AeroBridge-TTA: Test-Time Adaptive Language-Conditioned Control for UAVs

arXiv cs.RO / 4/22/2026

📰 NewsDeveloper Stack & InfrastructureIdeas & Deep AnalysisModels & Research

Key Points

  • The paper addresses a key failure mode in language-guided UAVs: execution mismatch when real dynamics (e.g., mass, drag, actuator delay, wind) differ from training.
  • It proposes AeroBridge-TTA, a language-conditioned UAV control pipeline that uses a language encoder to generate subgoals, an adaptive latent-conditioned policy, and a test-time adaptation (TTA) module that updates a latent variable online.
  • Across five language-conditioned UAV tasks and 13 mismatch conditions (with consistent domain randomization), AeroBridge-TTA matches a strong PPO-MLP baseline in-distribution while outperforming it in all out-of-distribution conditions.
  • The method achieves an average OOD improvement of +22.0 points (62.7% vs. 40.7%), and the overall +8.5 point gain is attributed entirely to the OOD regime.
  • An ablation keeping the model weights fixed but changing the latent update step size shows that the latent update mechanism itself accounts for a 4.6× lift in OOD performance.

Abstract

Language-guided unmanned aerial vehicles (UAVs) often fail not from bad reasoning or perception, but from execution mismatch: the gap between a planned trajectory and the controller's ability to track it when the real dynamics differ from training (mass changes, drag shifts, actuator delay, wind).
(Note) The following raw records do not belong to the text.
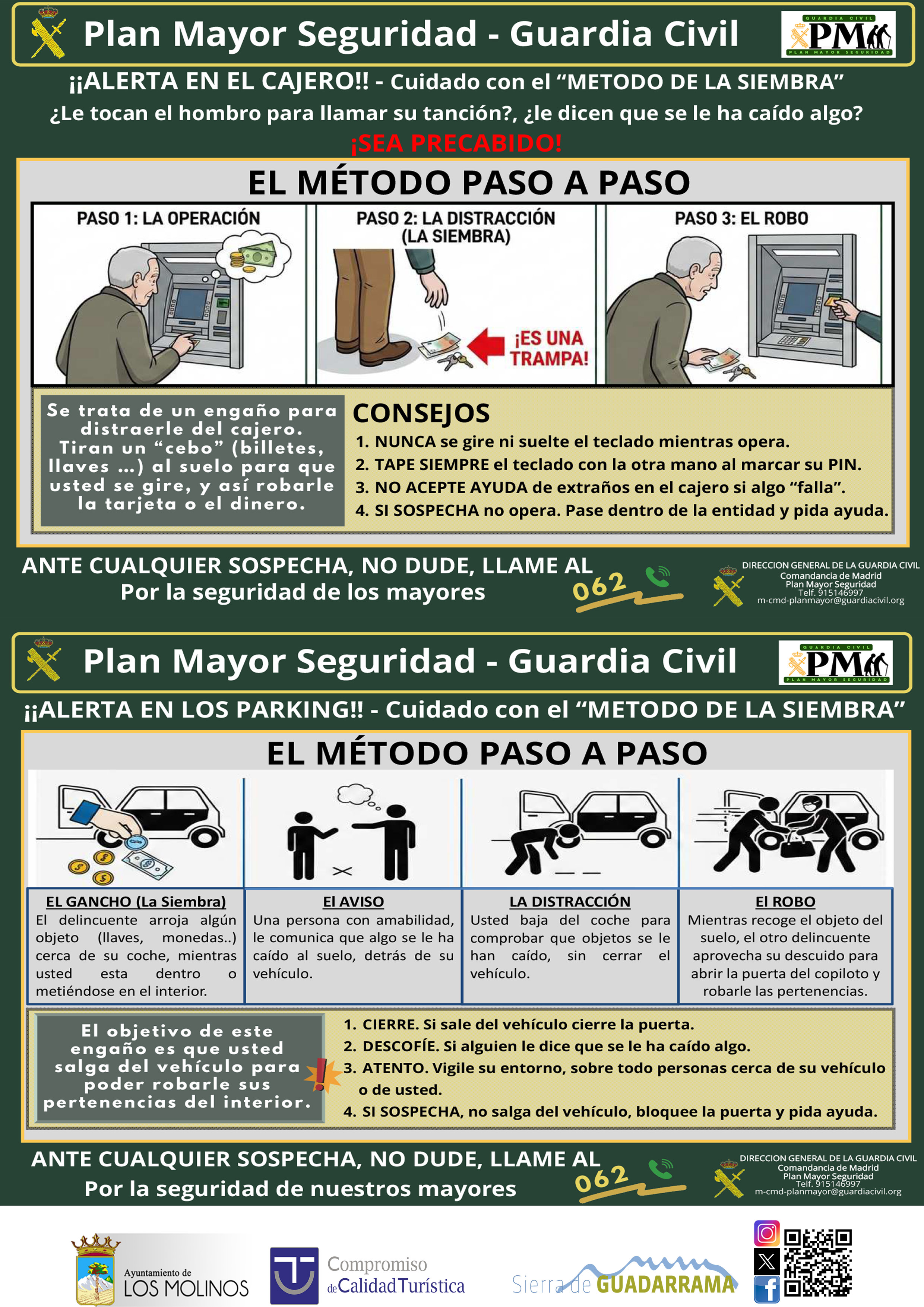 El Ayuntamiento de Los Molinos, en colaboración con la Guardia Civil, difunde una alerta preventiva para advertir a la población —especialmente a las personas mayores— sobre el denominado “método de la siembra”, una técnica de distracción utilizada por delincuentes para cometer robos en cajeros automáticos y aparcamientos.
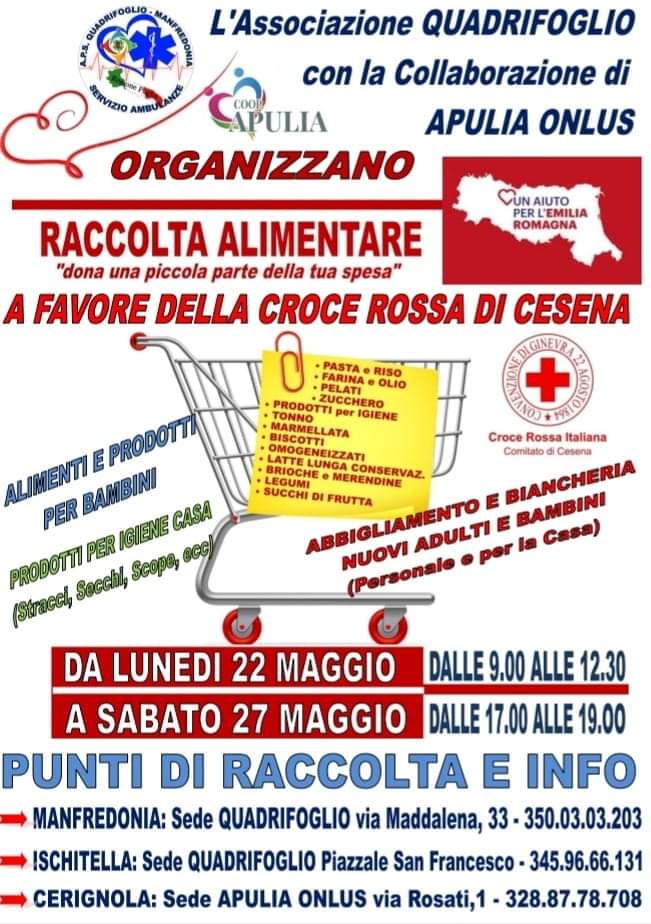 Il presidente dell’Associazione Quadrifoglio di Manfredonia, Antonio Valente, ha risposto all’appello della Croce Rossa di Cesena ed ha organizzato una raccolta di beni di prima necessità, in collaborazione con la sede di Ischitella e con l’Apulia ONLUS di Cerignola, da destinare alle persone che hanno perso tutto a causa dell’alluvione catastrofica degli scorsi giorni in Emilia Romagna.
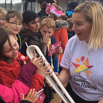 Sara Esyllt sy'n holi Elin Haf Davies oedd yn cario Baton Gemau'r Gymanwlad yn Y Barri
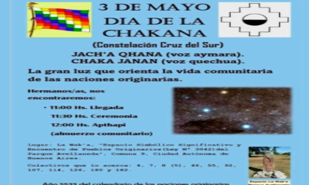 En el marco de una fecha de profundo significado para los pueblos originarios, el próximo 3 de mayo se llevará a cabo en la Ciudad de Buenos Aires una jornada cultural y espiritual para conmemorar el Día de la Chakana, también conocida como la Cruz del Sur en la cosmovisión andina. La actividad propone un espacio de encuentro comunitario centrado en la identidad, la espiritualidad y las tradiciones ancestrales.
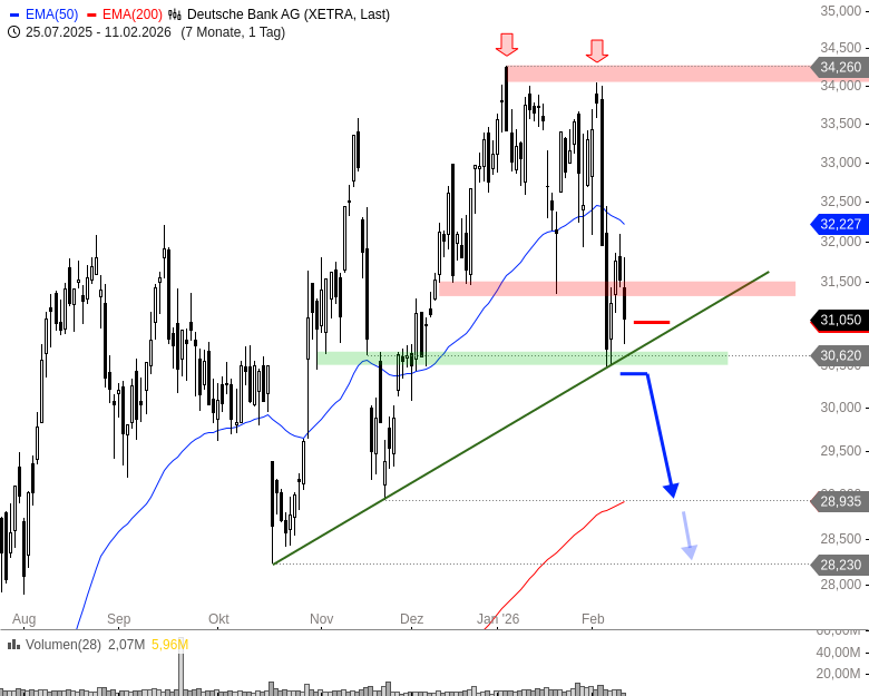 • Deutsche Bank AG – WKN: 514000 – ISIN: DE0005140008 – Kurs: 31,280 € (XETRA)
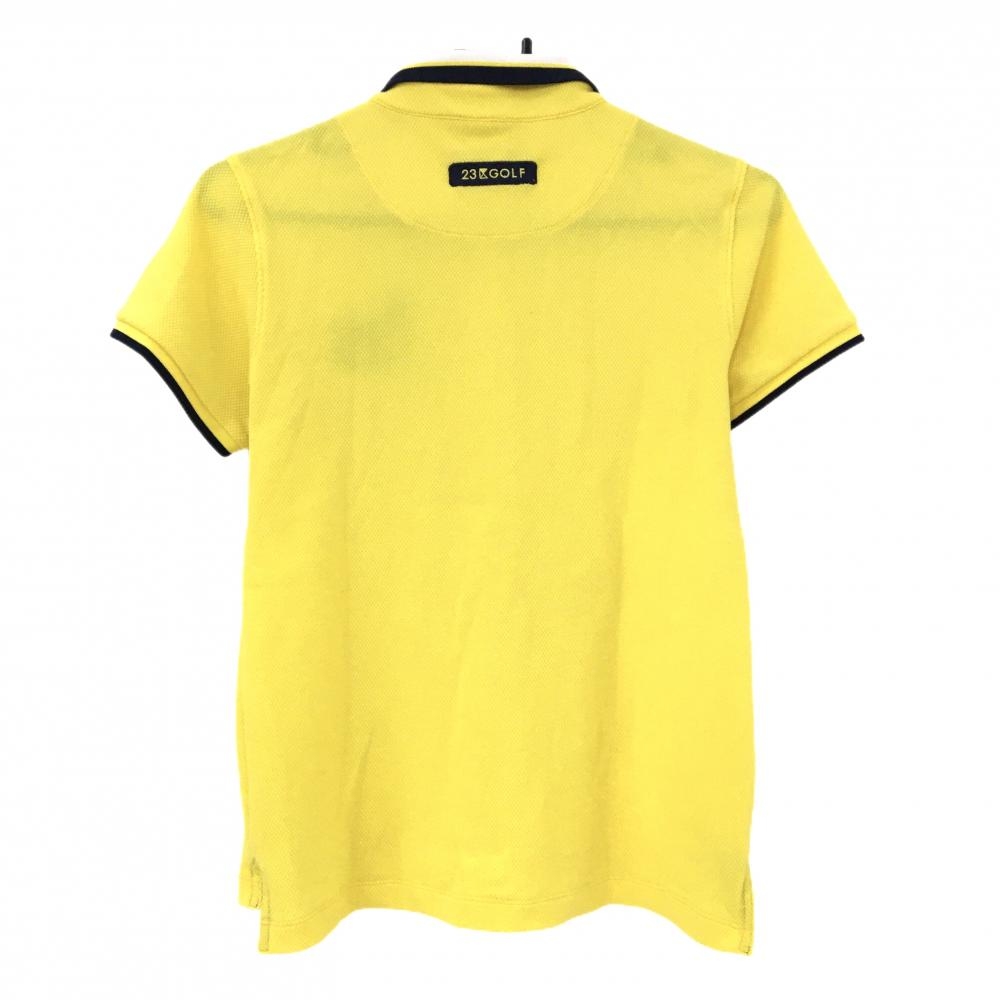 【美品】23区ゴルフ 半袖ポロシャツ イエロー×ネイビー ロゴ刺しゅう レディース I(M) ゴルフウェア 23区
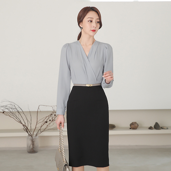 正装 细褶 折叠V领 配色 H字型 连衣裙
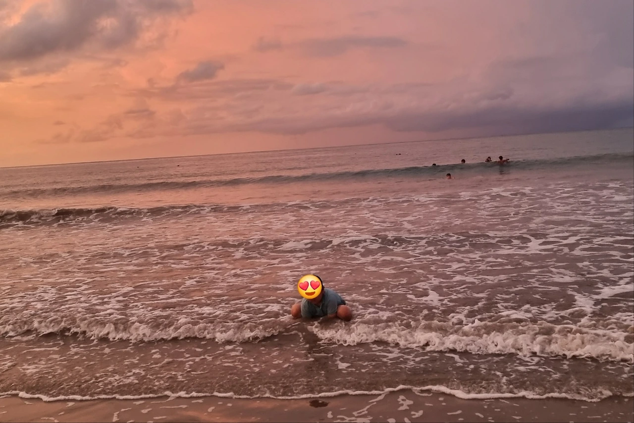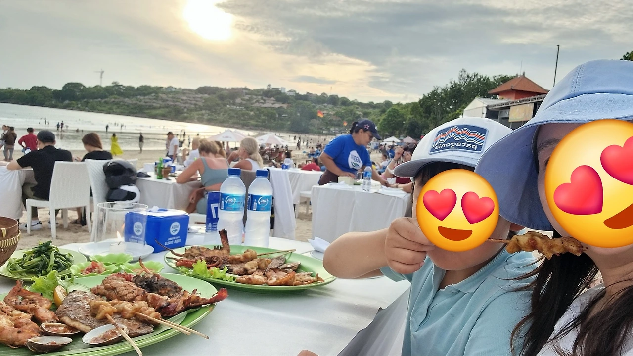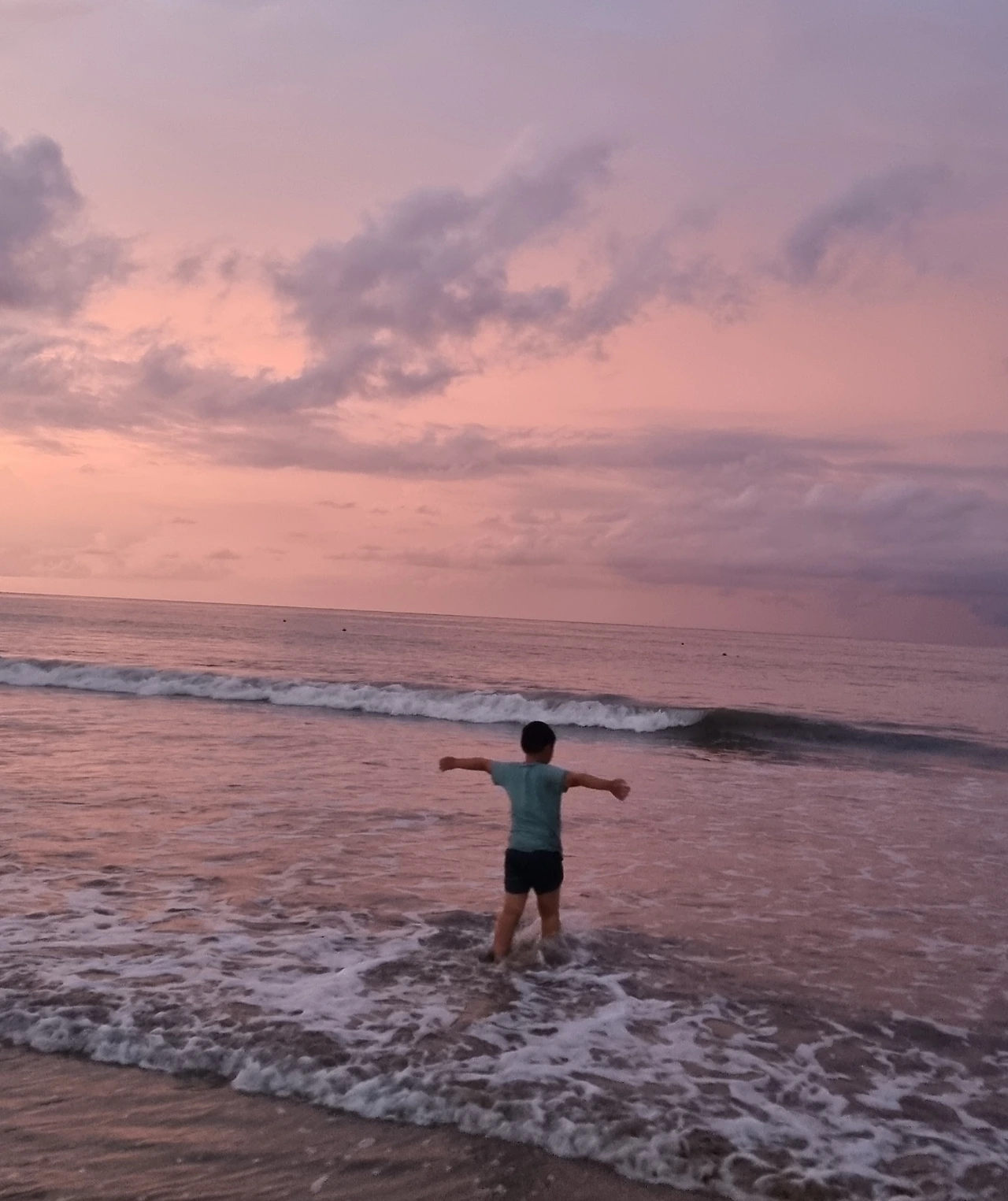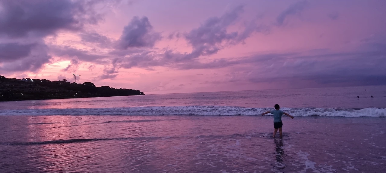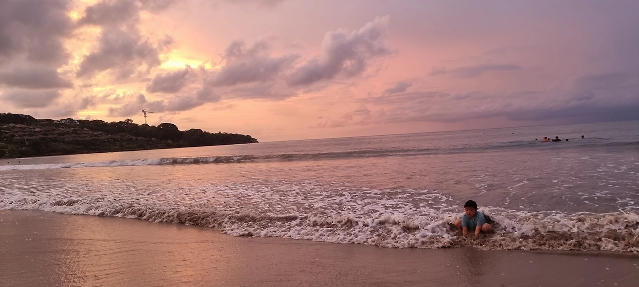 쭉 뻗은 수평선 위로 층층이 피어오른 구름, 끊임없이 물결에 부서지는 새하얀 파도의 향연, 그 어떤 인공 물감으로도 재현할 수 없는 저녁노을의 화려한 색조는 가슴속에 잊히지 않는 예술로 담겼다. 남편은 총각 시절 짐바란 해변에 대한 기억이 그리 낭만적이지않았다고 하던데 아들과 나에겐 최고의 시간이었다. 나중에 셋이서 완전체가 되어 다시 오면 또 다른 맛을 느끼지 않을까 싶다. 밤늦게 폭죽놀이도 하며 오후부터 저녁을 아름다운 색감으로 물들여준 우리의 시간에 무한한 감사를 느끼는 하루였다.

We propose AeroBridge-TTA, a language-conditioned control pipeline that targets this gap with test-time adaptation. It has three parts: a language encoder that maps the command into a subgoal, an adaptive policy conditioned on the subgoal and a learned latent, and a test-time adaptation (TTA) module that updates the latent online from observed transitions. On five language-conditioned UAV tasks under 13 mismatch conditions with the same domain randomization, AeroBridge-TTA ties a strong PPO-MLP baseline in-distribution and wins all 5 out-of-distribution (OOD) conditions, +22.0 pts on average (62.7% vs. 40.7%); the +8.5 pt overall gain comes entirely from the OOD regime. A same-weights ablation that only changes the step size \alpha shows the latent update itself is responsible for a 4.6\times OOD lift.